Abstract

AbstractAn international project, DIWPA‐IBOY, took place for simultaneously observing biodiversity throughout the Western‐Pacific and Asian regions in 2001–2003, as one of the core projects for International Biodiversity Observation Year, a crosscutting network activity of DIVERSITAS (an international programme of biodiversity science). DIWPA‐IBOY provides extensive data on species diversity obtained by the standardized method. Under this project, 51,742 individuals of Lepidoptera and 11,633 of Coleoptera were collected by light traps from the Tomakomai Experimental Forest of Hokkaido University, one of the core DIWPA‐IBOY sites, in the cool‐temperate region of northern Japan.

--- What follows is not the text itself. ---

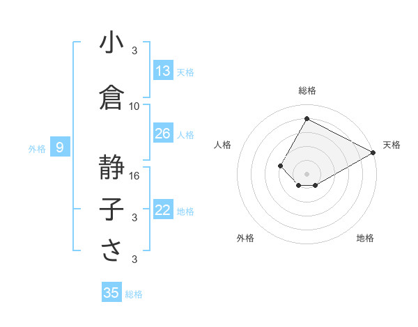 小倉 静子ささんを姓名の画数から五運を鑑定
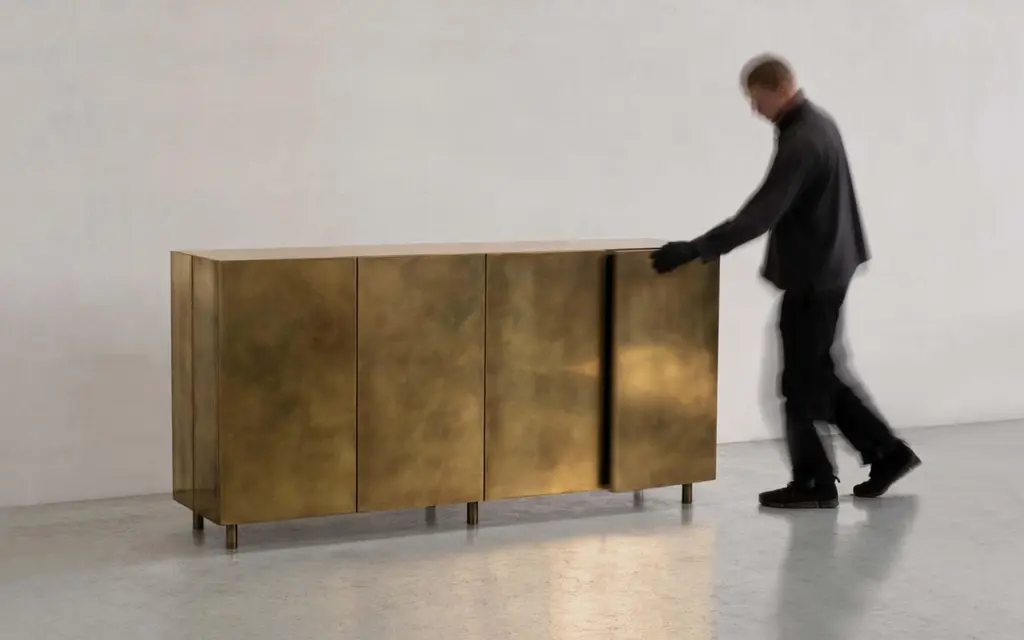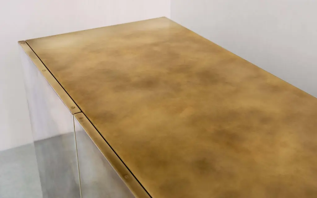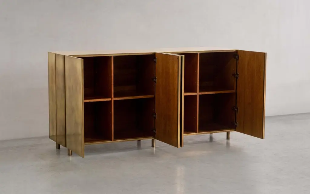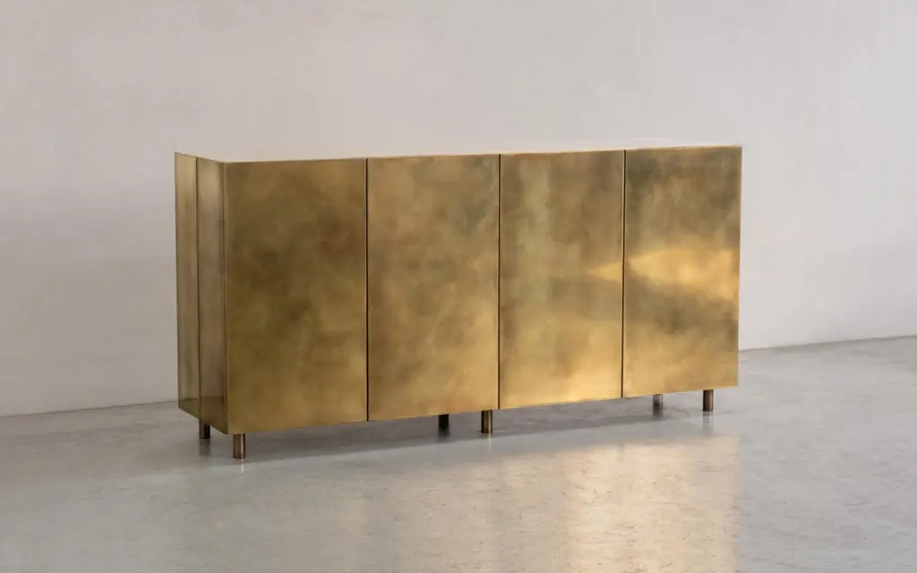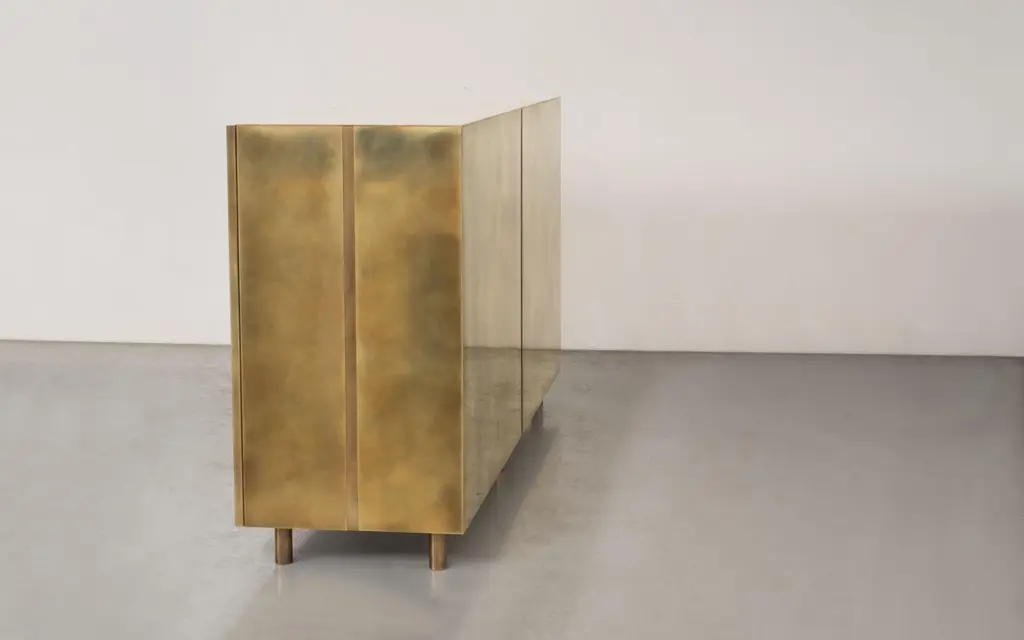 A four-doored sideboard in hand-patinated brass. Each door operates on push-to-open, soft-close hinges.Handcrafted in the North to order, this sideboard can be commissioned in bespoke sizes, configurations and finishes.Measures: 100cm height x 200cm width x 52cm depth.Custom sizes available upon request. Made to order in 12-16 weeks.Price excludes VAT.

Based on these data, this study examined the relative abundance distribution (RAD) to evaluate the amount of rare species in the Lepidoptera and Coleoptera communities. The beta diversities between sampling seasons, forest strata, and trap sites were also assessed to evaluate the spatio‐temporal variability of species composition in these communities. In the analysis of the RAD, the best‐fit model was selected from the log‐Normal, Zipf–Mandelbrot, and Zipf models differing in the tail length of the RAD, i.e., the proportion of rare species. To explore the beta diversity between samples, the abundance‐based Jaccard index with an unseen species estimator was calculated, and then a hierarchical clustering analysis was conducted. As a result of RAD analysis, the Coleoptera community was regarded as containing a larger proportion of rare species than the Lepidoptera community. The seasonal compartmentalization of the community, deduced from the beta‐diversity analysis, was finer in Lepidoptera (seven assemblages recognized) than in Coleoptera (three assemblages). The spatial (vertical and horizontal) compartmentalization was negligible in both communities. The coincidence of the larger proportion of rare species and the lower beta diversity between seasons in the Coleoptera community was explained by the longer life spans of beetles compared to moths, based on the assumption that the length of life span acts as a temporal agent for mass effect on the analogy of the migration rate as a spatial agent for mass effect.